Your task is to transcribe the lines from the start of the data below through the line containing "12月18日,在西藏自治区林芝市波密县高原藏天麻产业开发有限公司,工作人员在包装藏天麻。中新社记者 贡嘎来松 摄", inclusive, exactly as they stand and without the pictures.

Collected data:
:::

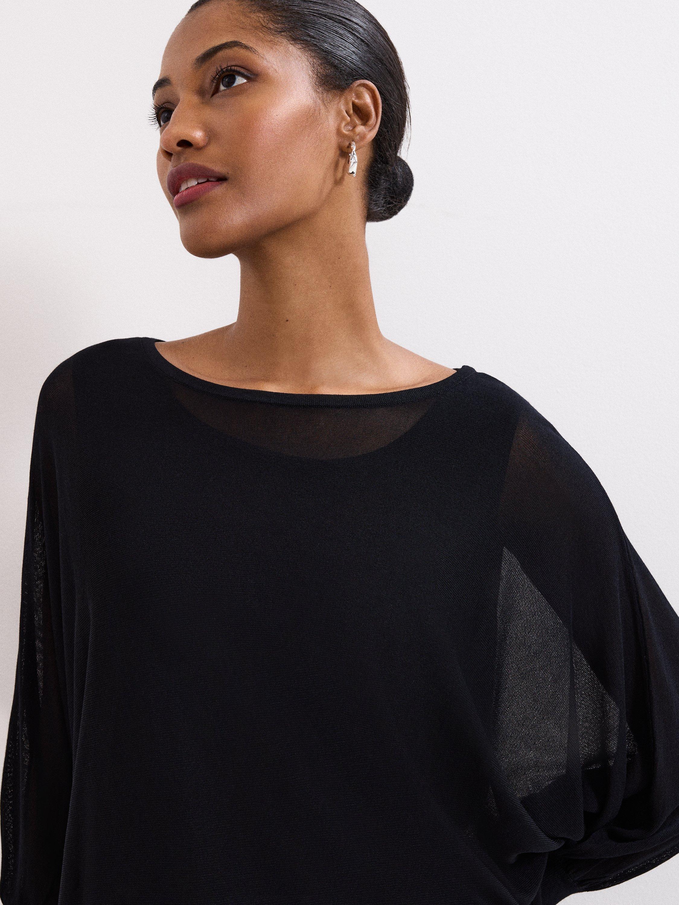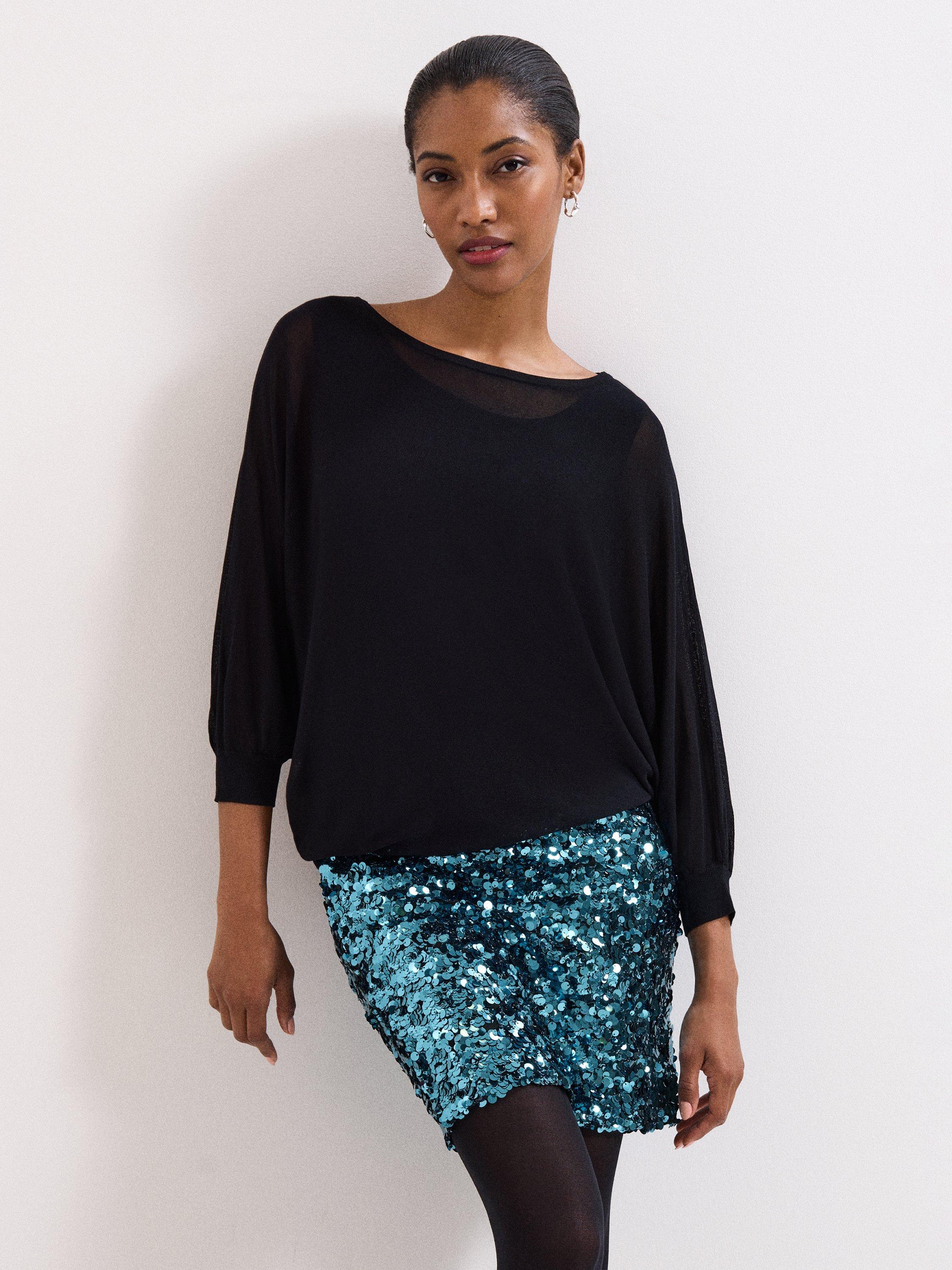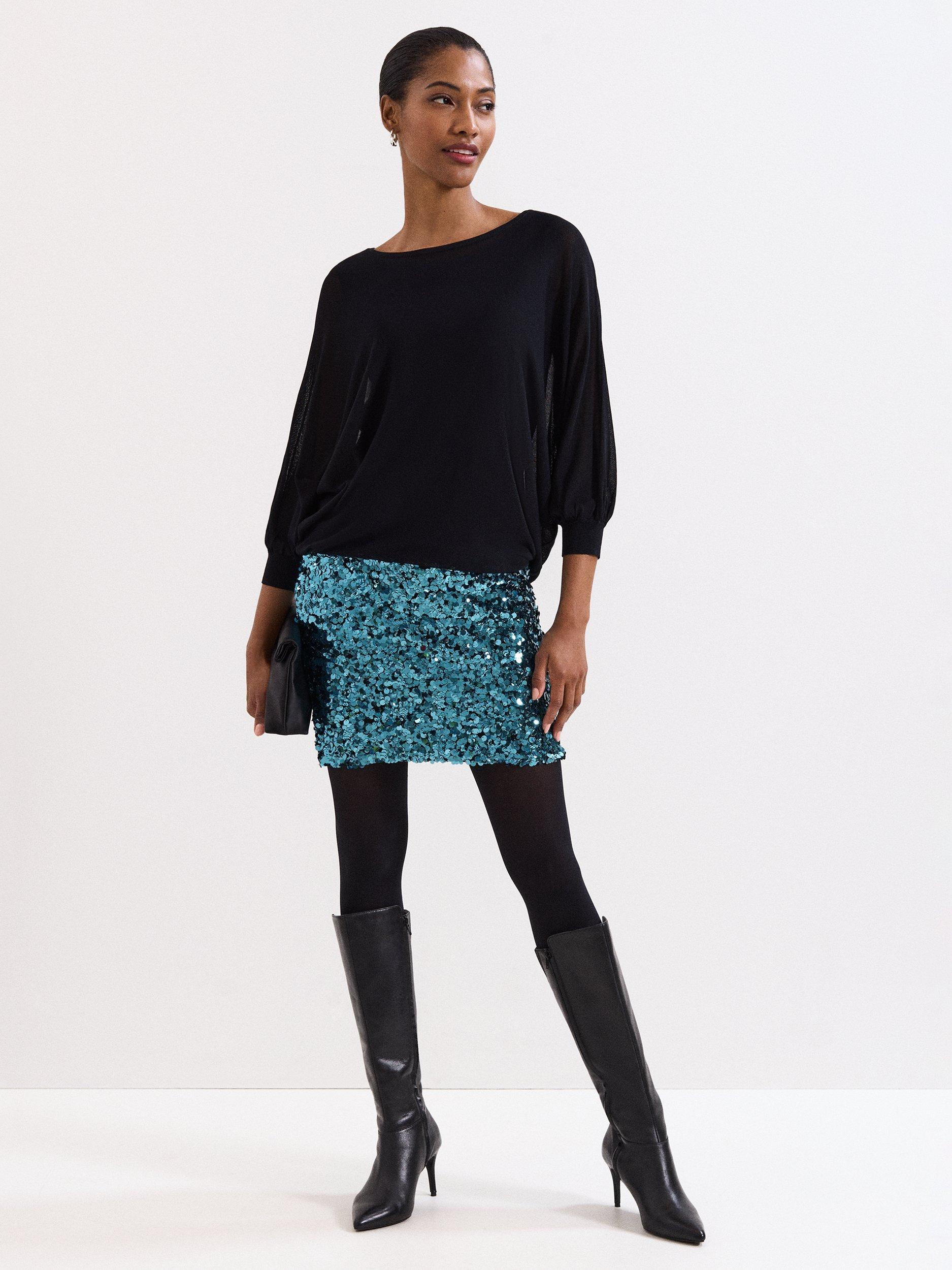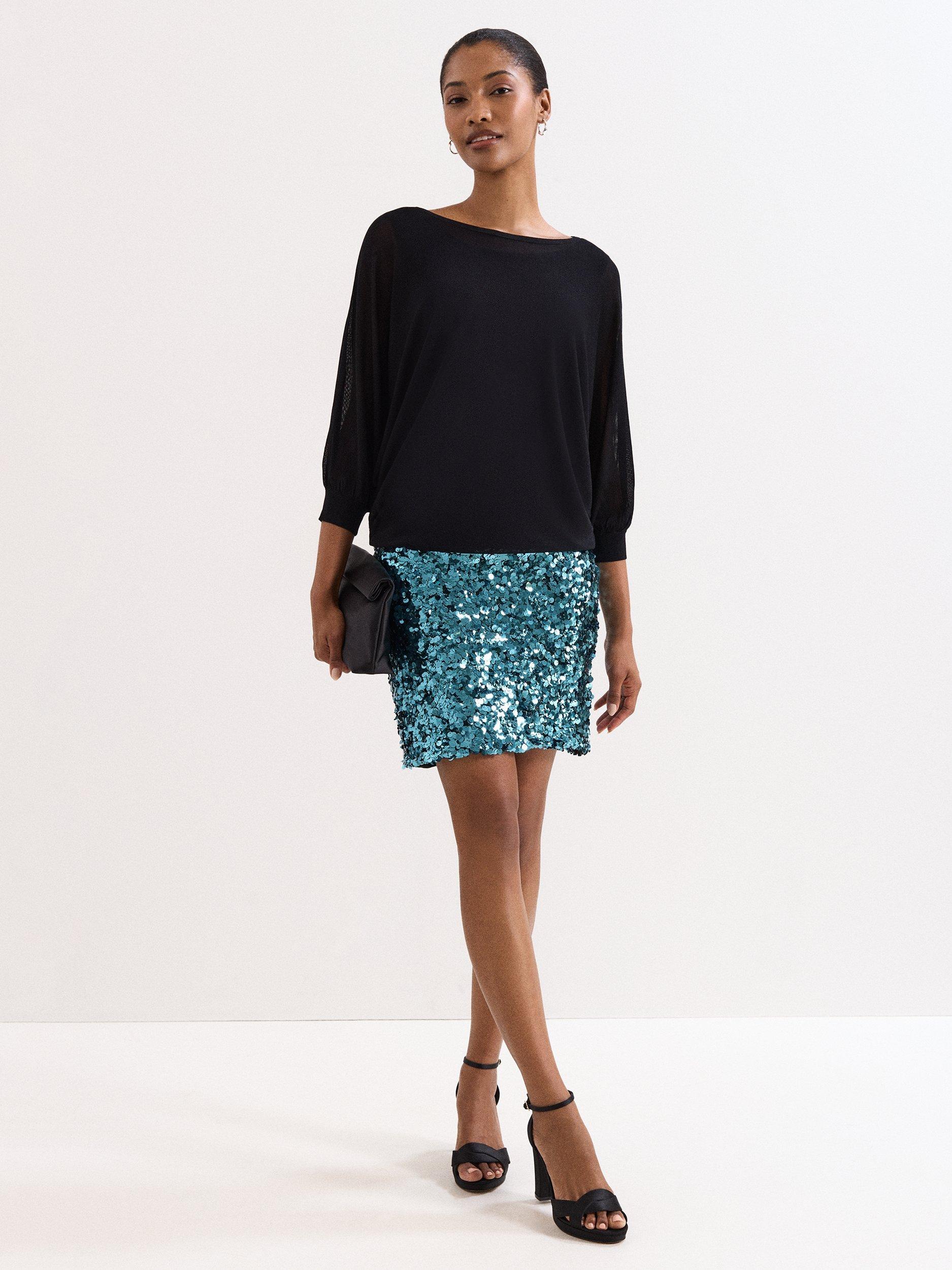 A mini shift party dress, featuring shimmering sequins, a flattering boat neck, and three-quarter sleeves. Offering a comfortable yet striking look for any celebration.
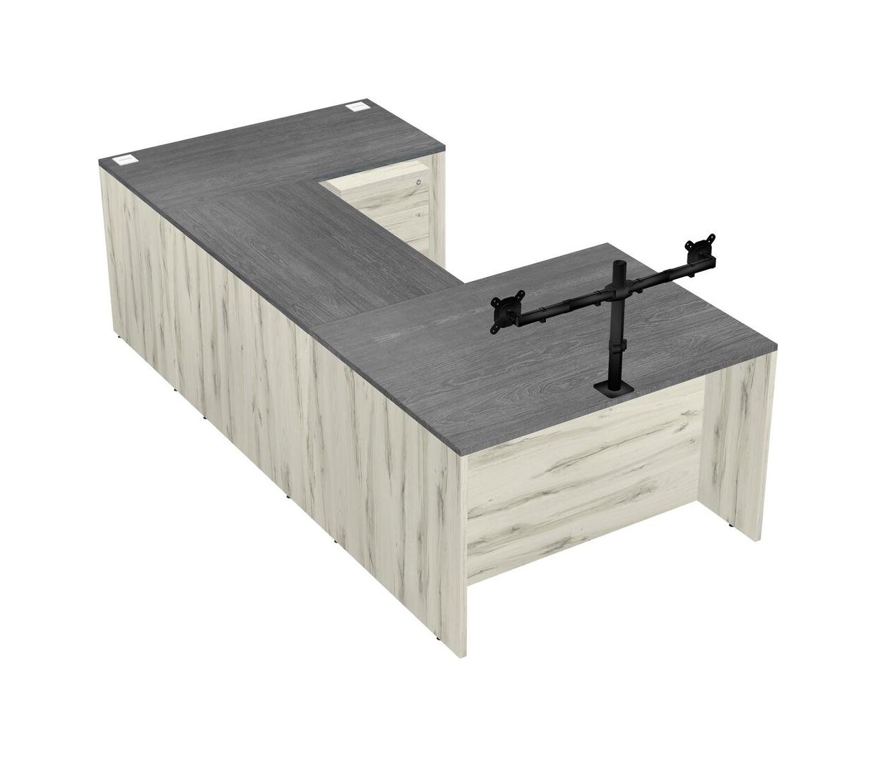 Office U-shaped Desk Credenza Desk + Wooden Mobile Drawers + Monitor Arm (double Arms)
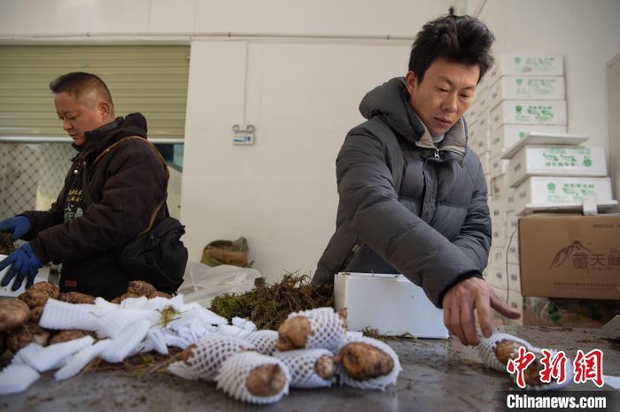 12月18日,在西藏自治区林芝市波密县高原藏天麻产业开发有限公司,工作人员在包装藏天麻。中新社记者 贡嘎来松 摄
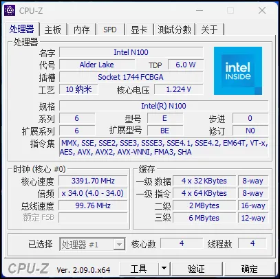 看完了硬件设计,下面咱们再来看看阿迈奇S1的实测性能。该产品搭载了大家已经非常熟悉的英特尔N100,咱们可以将它理解为只有4个小核(E核心)的12/13代酷睿处理器,最高睿频3.4GHz,集成24个EU单元,750MHz的UHD核显,默认TDP仅有6W,主打极致的超低功耗。
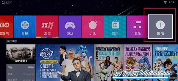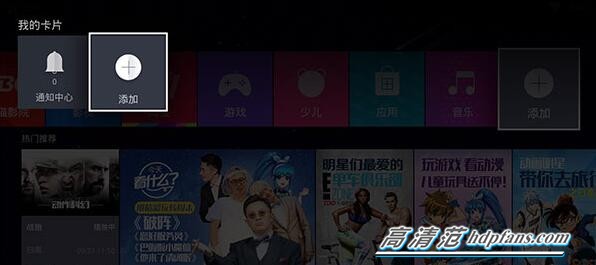 开启天猫魔盒M13可以看到界面主要分为上下两部分,我们实现应用桌面添加就需要用到界面上面的【添加】选项,点击。
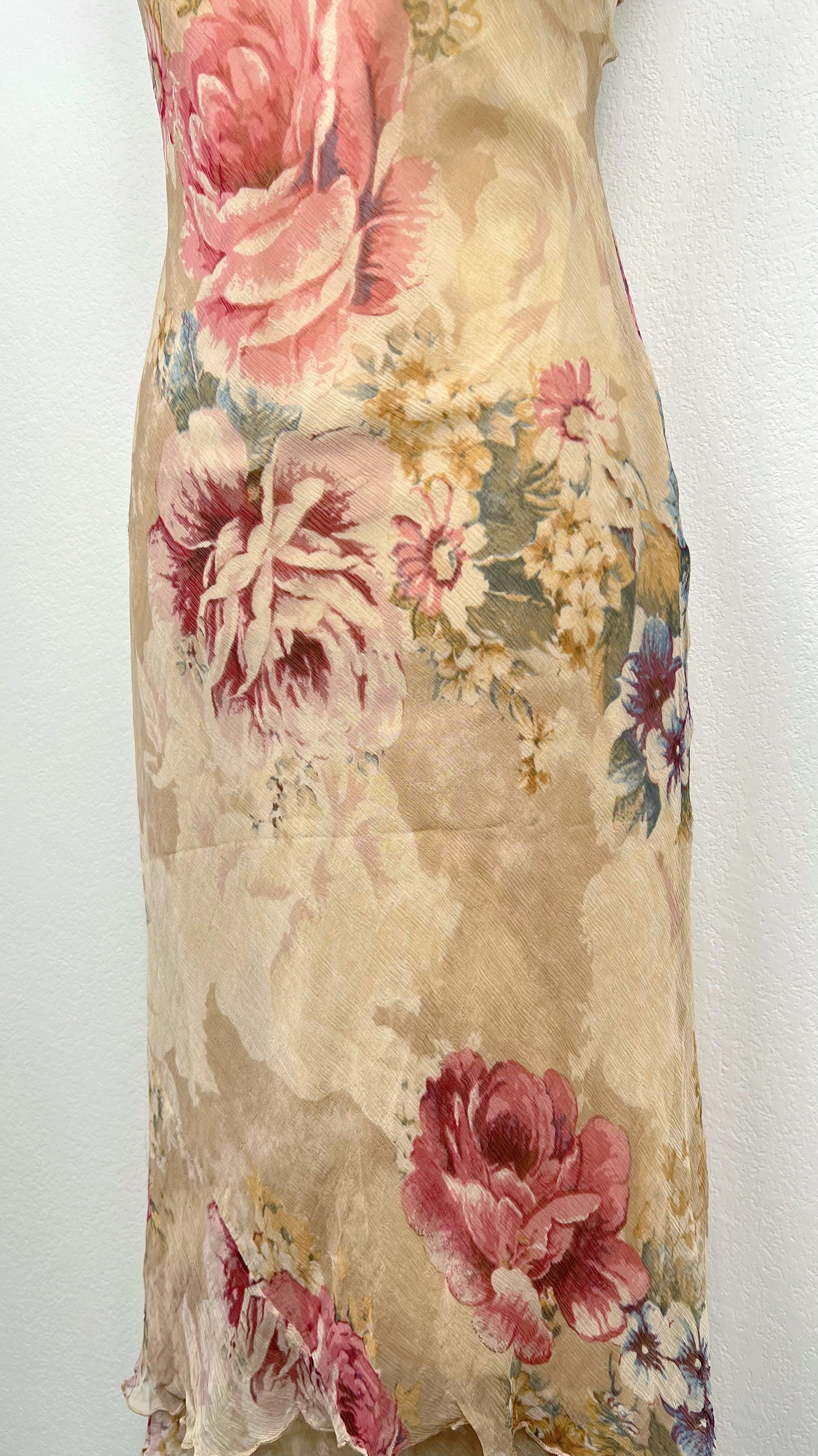 Cette robe Derhy rare en 100% viscose est une véritable œuvre florale : un tissu façon tapisserie ancienne, orné de grandes roses peintes dans des tons poudrés de beige, vieux rose et parme.

:::

** ANSWER BOX **
 A mini shift party dress, featuring shimmering sequins, a flattering boat neck, and three-quarter sleeves. Offering a comfortable yet striking look for any celebration.
 Office U-shaped Desk Credenza Desk + Wooden Mobile Drawers + Monitor Arm (double Arms)
 12月18日,在西藏自治区林芝市波密县高原藏天麻产业开发有限公司,工作人员在包装藏天麻。中新社记者 贡嘎来松 摄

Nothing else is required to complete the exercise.